DESCRIPTION OF THE TASK: With the pictures left out, retype exactly the lines below starting at the line that contains "- When veggies" and ending at the line that contains "Nikon FE obbiettivo".

DATA RECORDS START

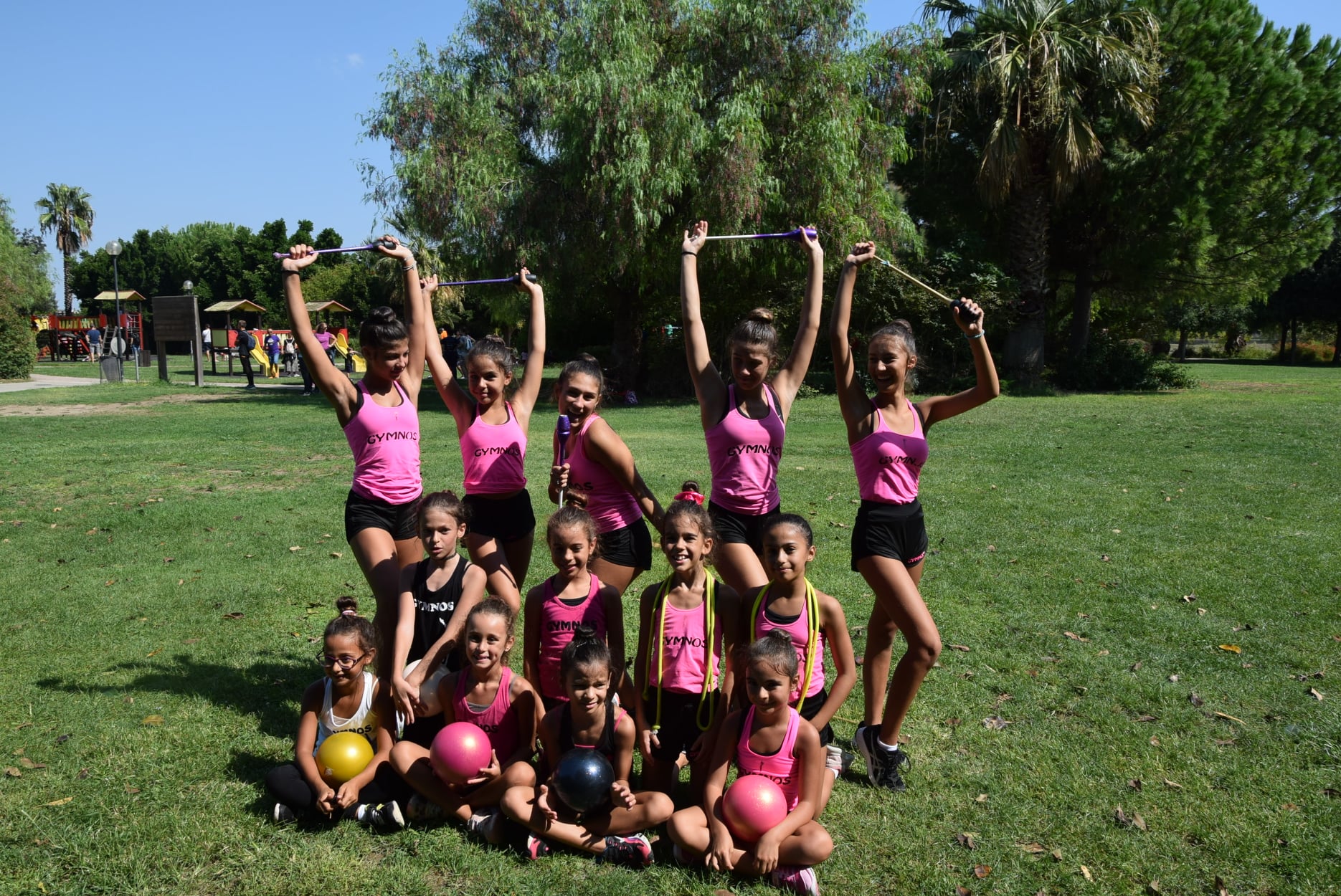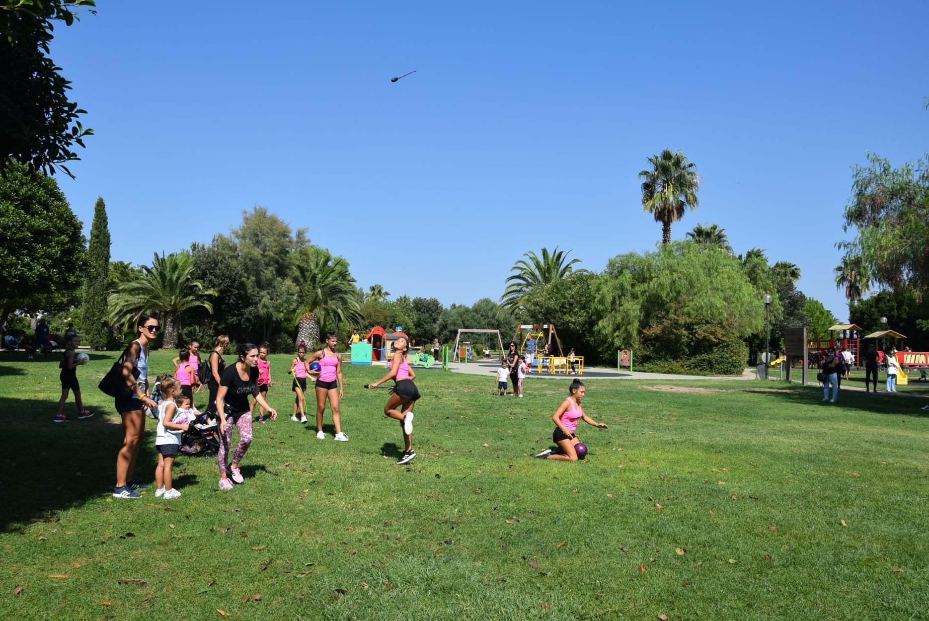 Un bello spettacolo di promozione della Ginnastica artistica e Ritimica in un parco che si presta a queste attività anche all'aria aperta.
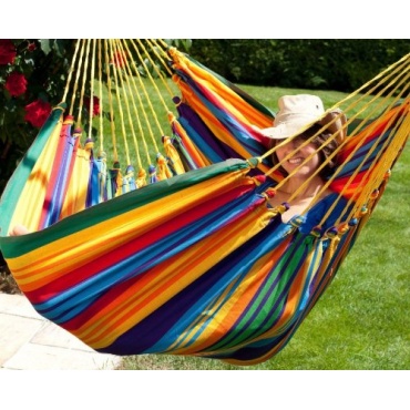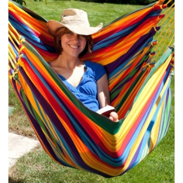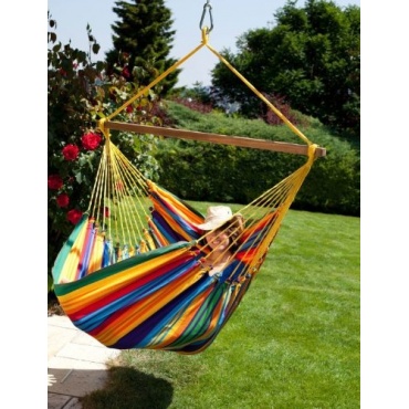 Diese Hängematte überzeugt in erster Linie mit ihrer großen Liegefläche und einer Tragkraft von rund 160 Kilogramm. Hergestellt aus hochwertigen Materialien, ist der Hängesessel ein perfekter Ort zur Erholung und Entspannung. Selbst bei einer Körpergröße von 1,70 Meter, bietet der Cayo Gigante Paradiso Hängesessel noch eine gute und komfortable Liegefläche. Hergestellt wurde der Hängesessel in Handarbeit in Südamerika.
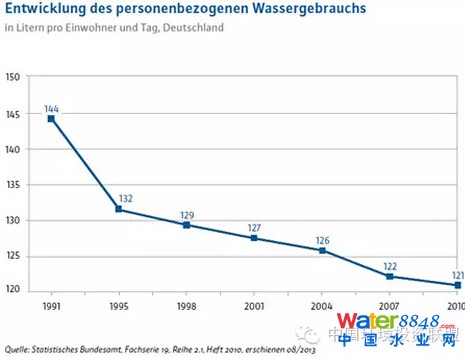(德國(guó)人均用水量發(fā)展:?jiǎn)挝粸樯?每人每天)
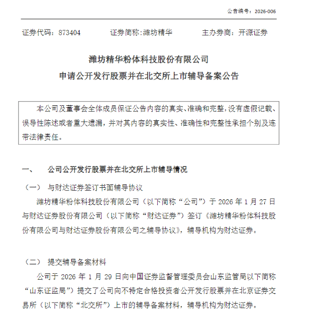 经济导报记者 杨佳琪 潍坊精华粉体科技股份有限公司(下称"潍坊精华")日前披露称,公司1月27日与财达证券签订《辅导协议》,并于1月29日向山东证监局 提交了向不特定合格投资者公开发行股票并在北交所上市的辅导备案材料,这意味着潍坊精华正式启动冲刺北交所上市。 公开资料显示,潍坊精华成立于2000年10月,位于潍坊市昌乐县,注册资本3118.5万元,法定代表人为吕勇,是国内最早也是最大的粉体 设备研发与制造民营企业之一,主要为锂电池材料、新材料、化工、环保、食品等多个行业提供定制化超细粉体制备设备。 据悉,在超细粉体制备设备领域,潍坊精华保持技术领先地位。随着新能源新材料产业的发展,公司电池负极材料专用制备设备受到市场 及下游客户广泛认可,并成为国内重要的电池负极材料制备设备制造企业。 自2008年以来,潍坊精华5次被认定(复审)为国家高新技术企业,是国家专精特新"小巨人"企业、国家重点支持"小巨人"企业、国家知识 产权优势企业、省专精特新中小企业等,曾获得山东省中小企业隐形冠军称号。 值得一提的是,潍坊精华于2025年10月刚刚挂牌新三板。此前,该公司董事长吕勇曾明确表示:"力争2027年在北交所上市"。 财 ...
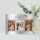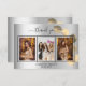 Añade 3 fotos de tu cumpleaños, tamaño vertical, una fecha, nombre y la nota de agradecimiento. Un fondo falso plateado con texto y marco negro, un eucalipto dorado. El texto: Gracias en la parte delantera y tu nombre en la parte trasera está escrito con un elegante guión con letras a mano con barras.
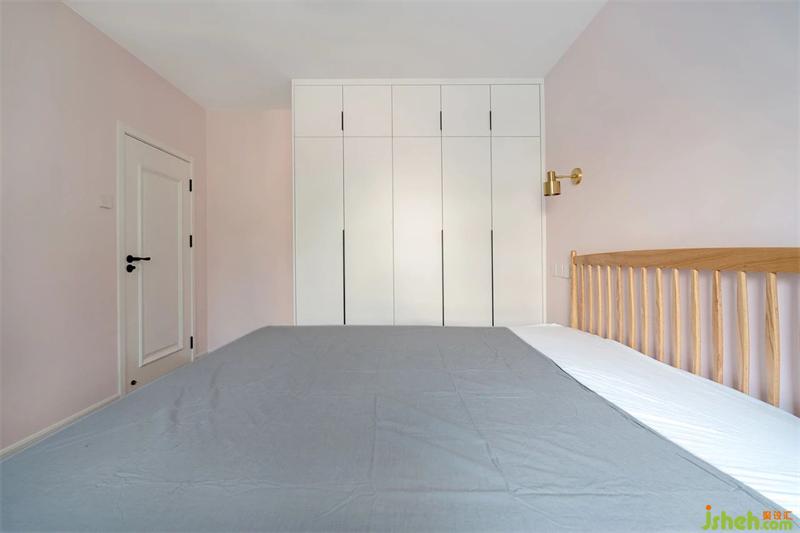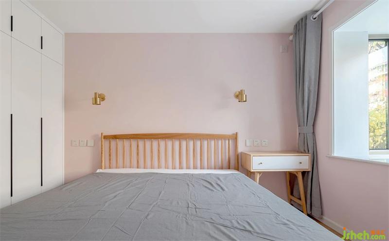 装修设计应屋主要求,墙面刷了女主喜欢的浅粉色。黄铜材质的壁灯质感还是很强的,床和梳妆台都是购买成品。
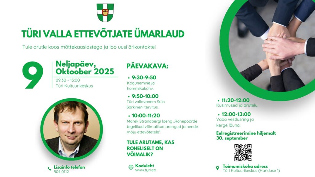 9. oktoobril 2025 kell 9.30–13.00 toimub Türi kultuurimajas ettevõtjate ümarlaud – kohtumispaik, kus saavad kokku mõtted, kogemused ja tulevikku vaatavad ideed.
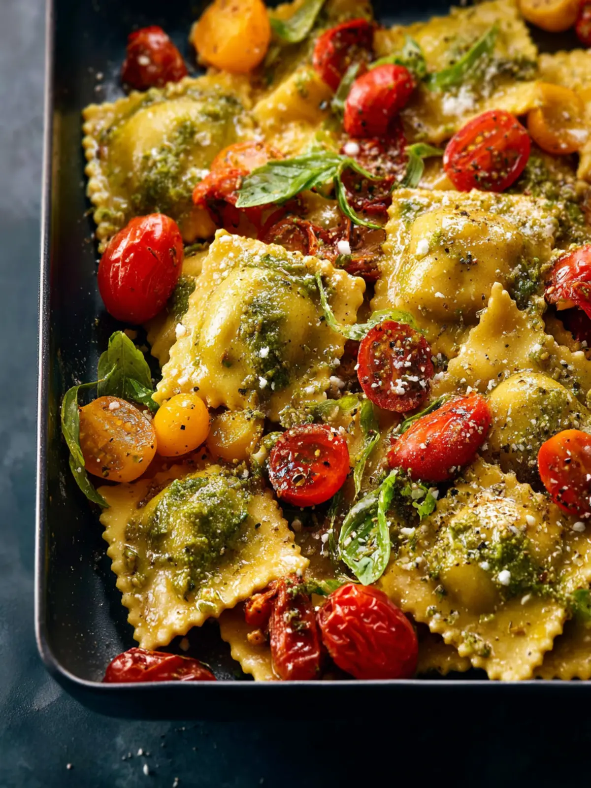 - When veggies finish roasting, toss drained ravioli on top. Spoon the pesto evenly over everything and toss to combine. Return to oven for 1–2 minutes.
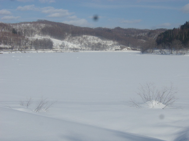 旭川から北に約50キロ、道北の剣淵町にある小さな湖で、オンシーズンは湖岸を一周するサイクリングなどがお勧めですが、雪景色を楽しむ、という意味では案外春先が良かったりします。厳冬期はこの湖はワカサギ釣りで有名なため、意外と釣り客のテントなどで賑わうことがあり、却って白一色の雪原の湖面を楽しむ、という意味では3月のご訪問をお勧め致します。
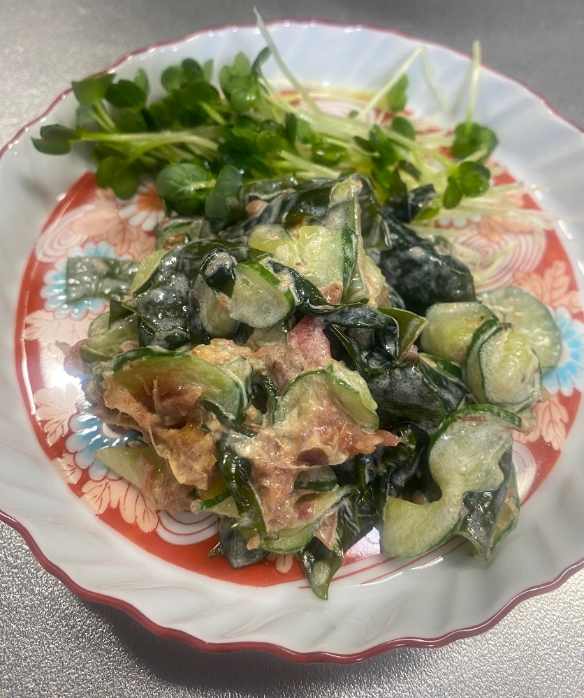 キュウリとワカメの梅おかかマヨ和えと 🥒
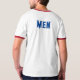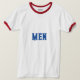 Texto ou Nome Homens ou Palavra com Texto de Cor Azul Profundo e O Estilo é Camisa-T de Ringer Básica, o Tipo de Cor é Branco/Vermelho e o Tipo de Tamanho é Adulto L.
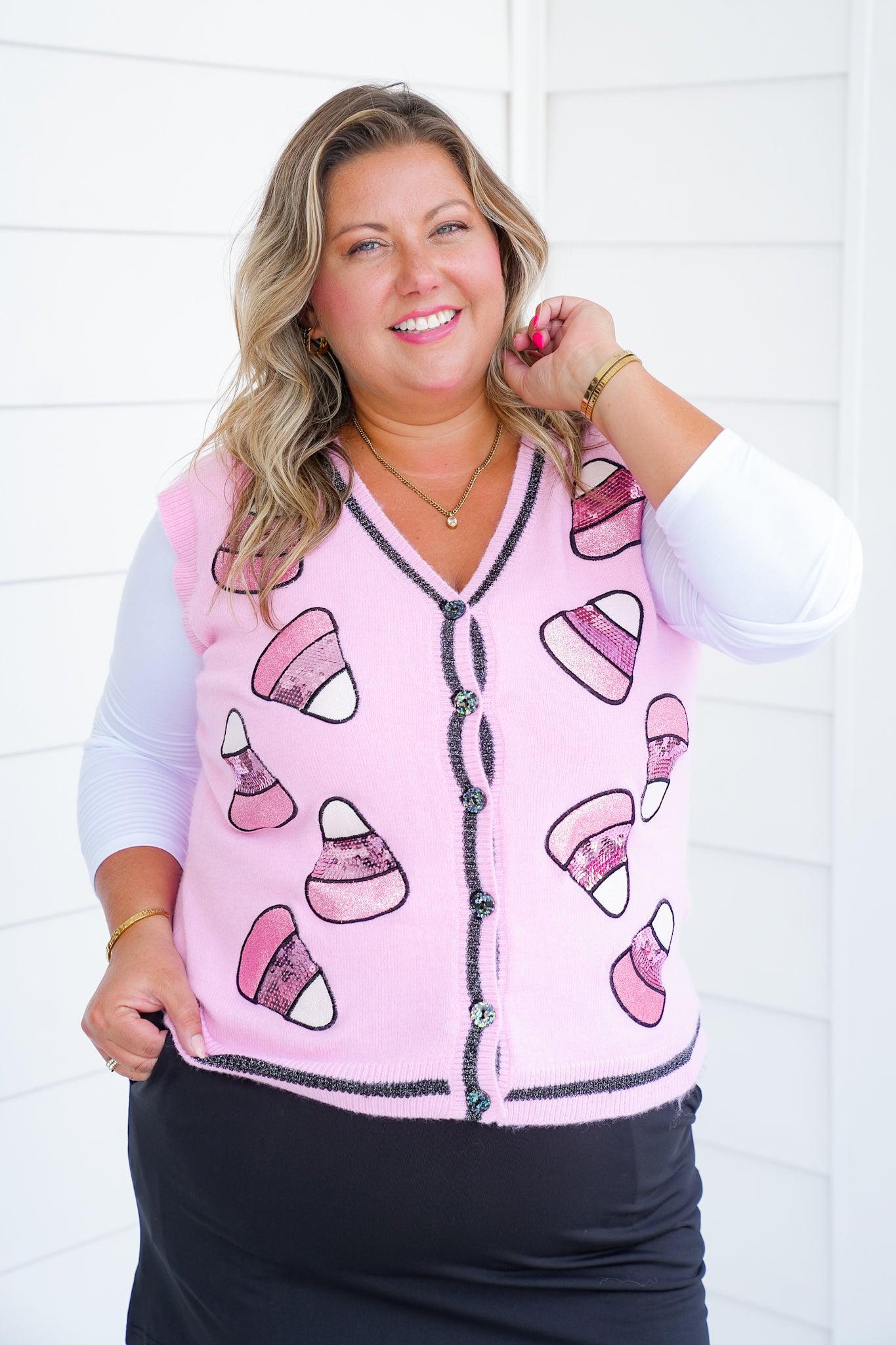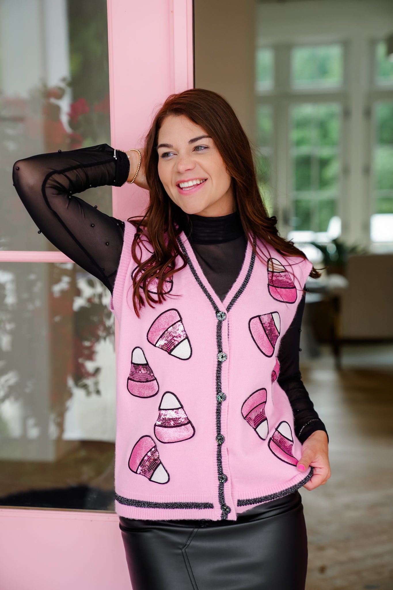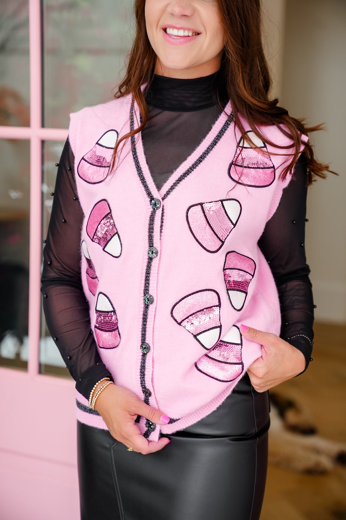 Bring the treat to every Halloween gathering with this candy-inspired statement piece! The playful candy corn sequins catch the light beautifully, making you sparkle in any spooky season setting. Whether layered over a flirty mesh top for a night out or worn with jeans for a festive daytime look, this vest serves major charm and seasonal sass.
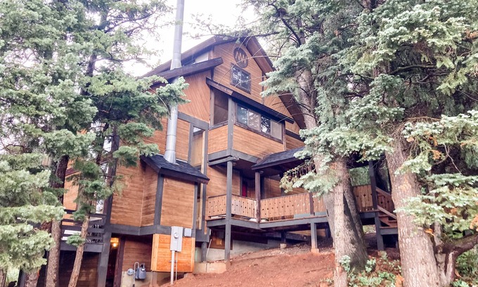 This secluded mountain home is in the perfect location surrounded by trailheads for hiking, biking, and adventuring. It is not far from the main road and is tucked away into beautiful tall pines.
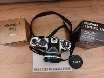 Nikon FE obbiettivo 50mm f/1.8 con DOI D20-A flash , funziona solo M90 no multiscatto, APPENA revisionata da fotografo , originale.
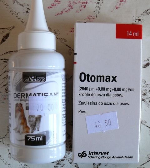 Zosia123 Posted March 16, 2013 Author Posted March 16, 2013 Keflex na ucholce, 4 opakowania, plus oslonka (osłonę wzięłam najtańszą i na razie tylko 1 opakowanie, w razie gdyby miał po tym biegunkę): 85,36 zł. Keflex ma brać 3 razy dziennie, właśnie zjadł pierwszą kapsułkę. I nowe kropelki do uszu: Dermatisan do oczyszczania i Otomax lekarstwo. Niestety to co wcześniej kupiłam (Otodine) nie jest zdaniem pana doktora tak dobre, co Dermatisan. Razem 60,50 zł. To stosujemy od wczoraj. Reksio jest bardzo grzeczny przy zakraplaniu, jak mu pokazuję kropelki to robi taki zrezygnowany "wyraz pyska" i poddaje się pokornie operacji. Reksio pójdziemy wkrótce z torbami przez Ciebie... :( Quote
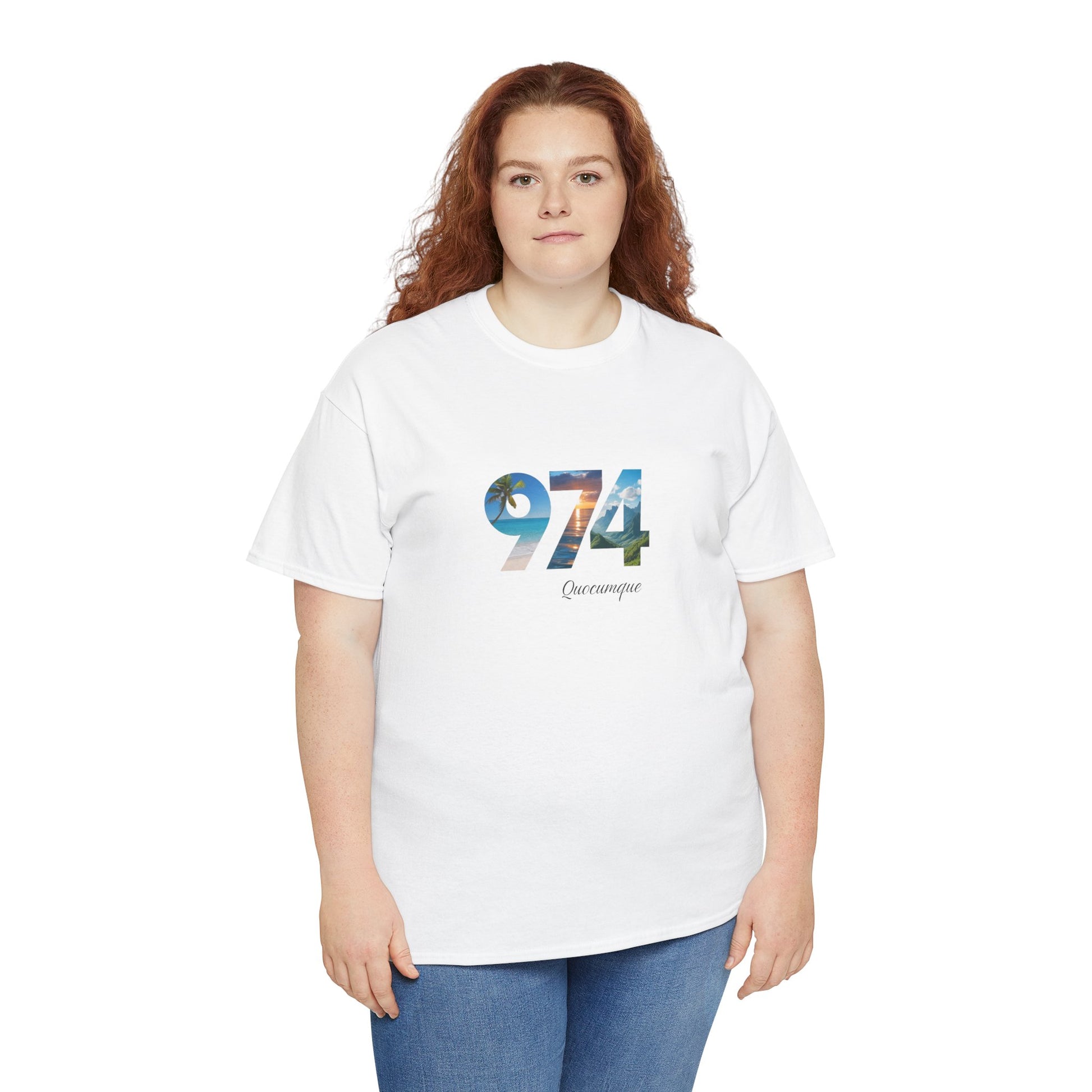 T-shirt "974", Île de La Réunion, Confort Coton, Sobre, Elégant, Souvenir Unique, Cadeau, Unisexe, Esprit Voyageur
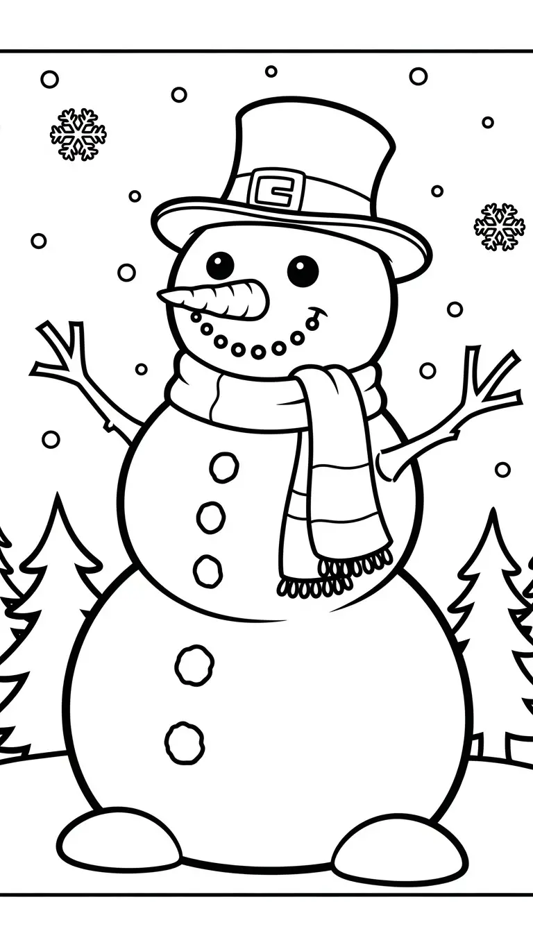 Desenho de boneco de neve com cachecol para colorir
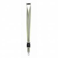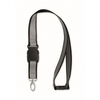 Reflective RPET polyester lanyard with 2.5 cm strap, metal hook, detachable PP buckle and safety breakaway. For promotional use only.

DATA RECORDS END

ANSWER SPACE:
 - When veggies finish roasting, toss drained ravioli on top. Spoon the pesto evenly over everything and toss to combine. Return to oven for 1–2 minutes.
 旭川から北に約50キロ、道北の剣淵町にある小さな湖で、オンシーズンは湖岸を一周するサイクリングなどがお勧めですが、雪景色を楽しむ、という意味では案外春先が良かったりします。厳冬期はこの湖はワカサギ釣りで有名なため、意外と釣り客のテントなどで賑わうことがあり、却って白一色の雪原の湖面を楽しむ、という意味では3月のご訪問をお勧め致します。
 キュウリとワカメの梅おかかマヨ和えと 🥒
 Texto ou Nome Homens ou Palavra com Texto de Cor Azul Profundo e O Estilo é Camisa-T de Ringer Básica, o Tipo de Cor é Branco/Vermelho e o Tipo de Tamanho é Adulto L.
 Bring the treat to every Halloween gathering with this candy-inspired statement piece! The playful candy corn sequins catch the light beautifully, making you sparkle in any spooky season setting. Whether layered over a flirty mesh top for a night out or worn with jeans for a festive daytime look, this vest serves major charm and seasonal sass.
 This secluded mountain home is in the perfect location surrounded by trailheads for hiking, biking, and adventuring. It is not far from the main road and is tucked away into beautiful tall pines.
 Nikon FE obbiettivo 50mm f/1.8 con DOI D20-A flash , funziona solo M90 no multiscatto, APPENA revisionata da fotografo , originale.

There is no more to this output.